Governor, officials offer differing views on 'most overridden' status

Gov. Jay Nixon holds a news conference about his recently vetoed bills at the Capital on Wednesday, Sept. 7, 2016.
Gov. Jay Nixon holds a news conference about his recently vetoed bills at the Capital on Wednesday, Sept. 7, 2016.

In his eight legislative sessions as Missouri governor, Jay Nixon, a Democrat, has vetoed 148 non-budget bills passed by the General Assembly - the most of any governor in modern history.

The Legislature's Republican leaders often call Nixon the state's "most overridden" governor because they have ordered 48 bills into law over Nixon's vetoes.

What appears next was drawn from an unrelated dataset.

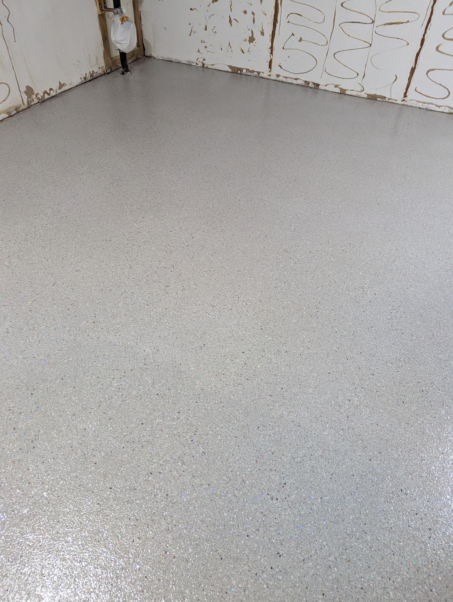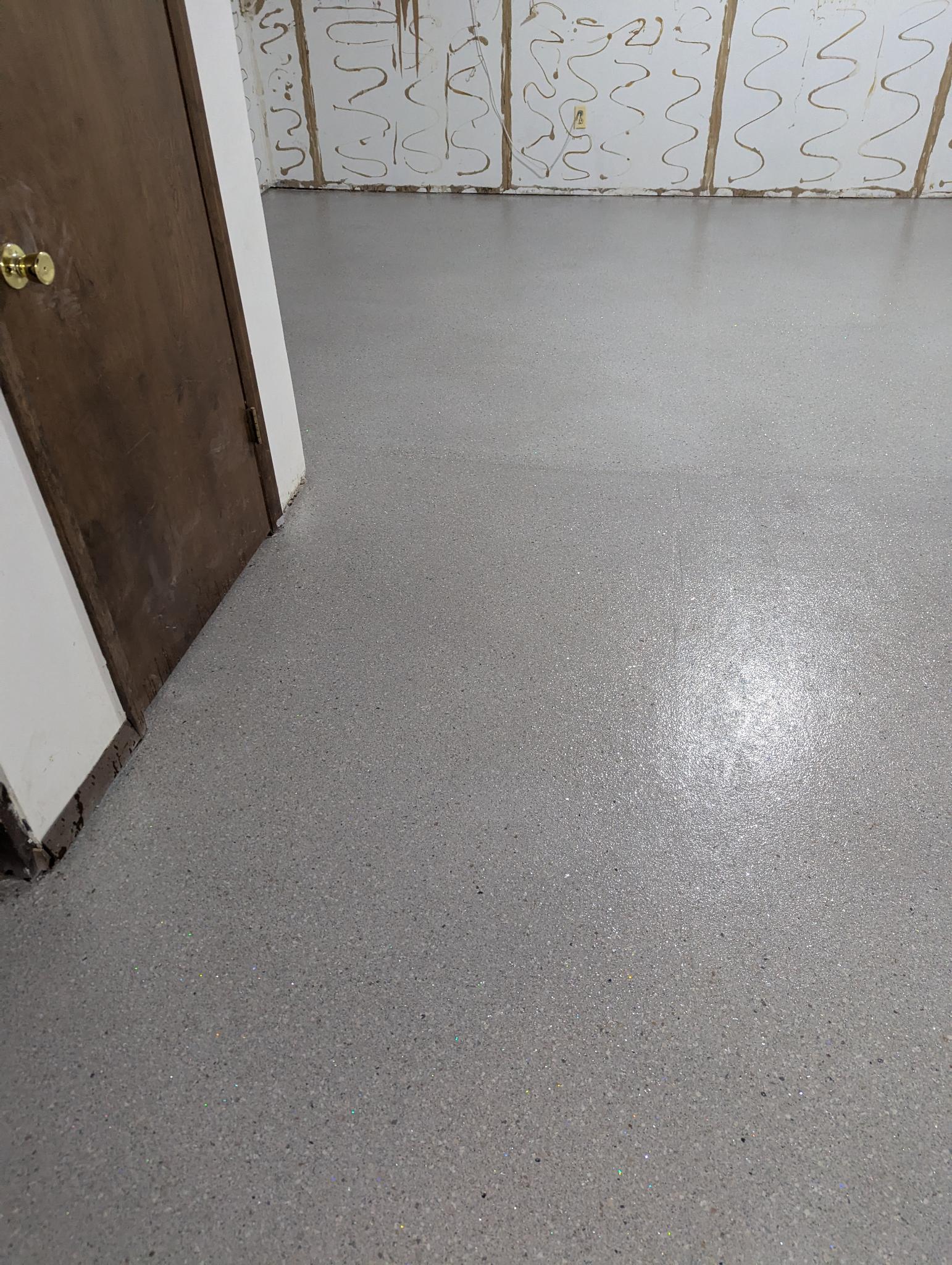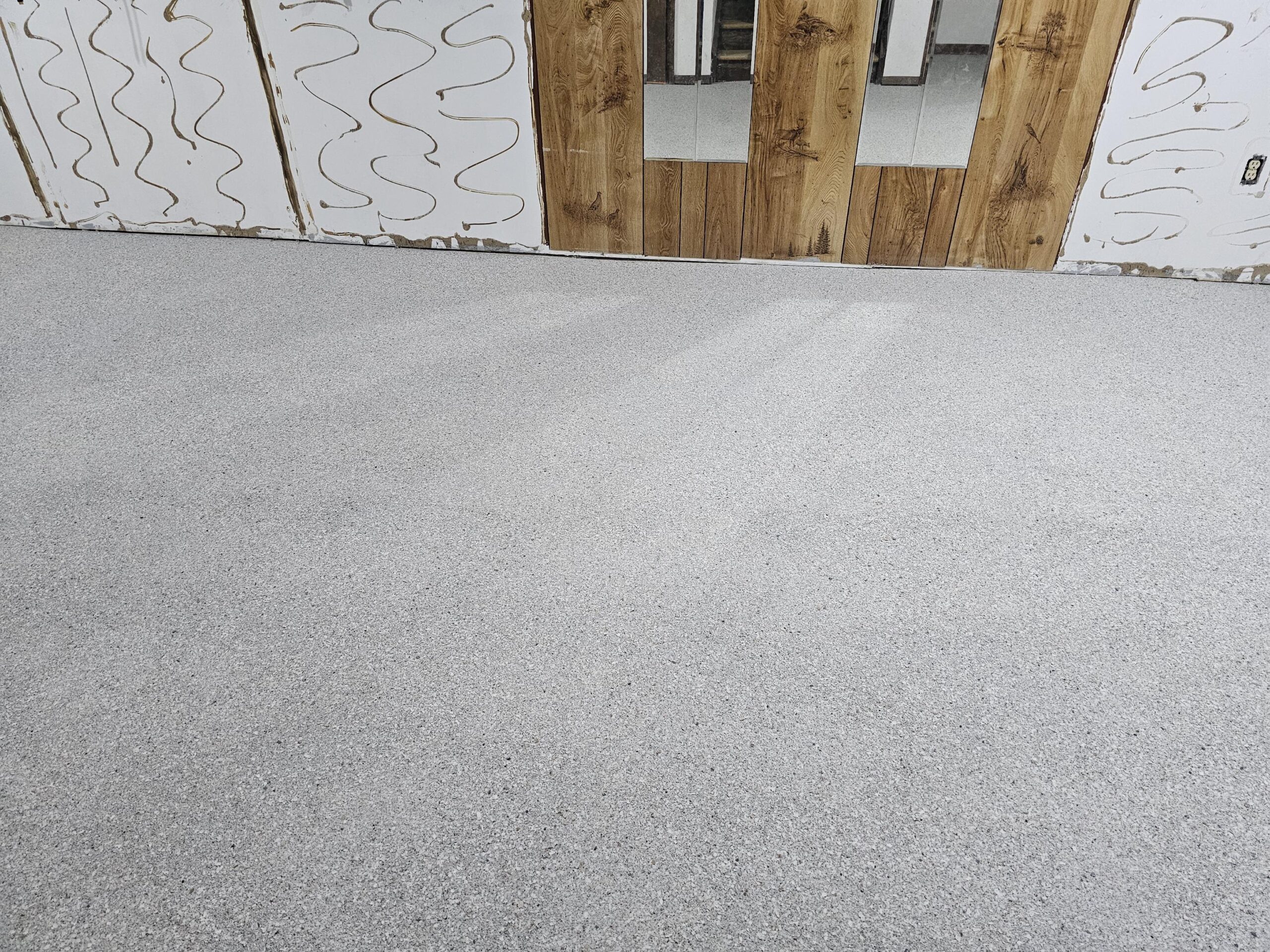 This complete basement in the Dublin Park area of Colorado Springs features our Flintstone polished concrete collection floor coating, selected for its clean, modern character and subtle stone-inspired variation.
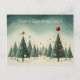 Merry Christmas postcard with Christmas trees, minimalist, ornaments and winter background whimsical art. Personalize it using 'Personalize this template' or using the Edit feature.

However, that means just over two-thirds of the governor's vetoes were sustained by at least one of the Legislature's two chambers.

Nixon told reporters last week he thinks that's a good record.

"You all know me pretty well," the governor said. "If I think something's good for the state, I sign it.

"If it's not, I don't - it's not a scorecard. It's a substance card."

Nixon also said "it's a pretty long, strong list" of proposals that, if lawmakers had overridden his vetoes, would have made the state a more difficult place to be, particularly with what he said was their more than $1.5 billion price tag on state budgets.

"The reason I've been successful, in my view, is that I've used (the veto) at times when I felt I was correct," Nixon said. "I didn't use it as a ploy."

After last week's veto session ended, Senate President Pro Tem Ron Richard, R-Joplin, told reporters Nixon might have had better success with the Legislature if he and especially his staff had been more involved in writing legislation.

"According to conversations that I have had with bill sponsors," Richard told reporters, "there hasn't been a real good dialog with the (governor about the) legislation as it has been finished up."

He added: "I'm saying that his people aren't engaged - particularly his department heads - with my chairmen, as much as they should be.

"I'm not going to blame it all on the governor (because) we don't expect the governor to talk to everybody all the time. But some of his people are less than helpful in drafting legislation."

Senate Majority Leader Mike Kehoe, R-Jefferson City, agreed there might not have been as many veto overrides if the governor and his office had "weigh(ed) in on the process earlier on these bills but his style has not been that way."

But, Nixon countered the next day, "I don't spend a lot of time - nor does my administration - crafting bills that we disagree with."

He added, he visits with lawmakers a lot and will continue to do so during his last weeks in office.

But he doubts his being more active trying to "massage" the language of bills he disagreed with would have changed the outcome.

The Legislature's total veto overrides for the last eight years includes last year's House Bill 150 - which limited the number of weeks of unemployment eligibility and tied the available number of weeks to economic conditions.

But the Missouri Supreme Court overturned that law this year because the House overrode the governor's veto during last year's regular session, while the Senate waited until the veto session.

The high court ruled that to override the veto successfully, the Senate also should have voted during the regular session.

That vote didn't happen because the Senate Democrats tied up all Senate action except for one vote, after the Republicans locked the debate on a right-to-work bill so it couldn't be amended, then used the previous question to force a vote on the controversial bill.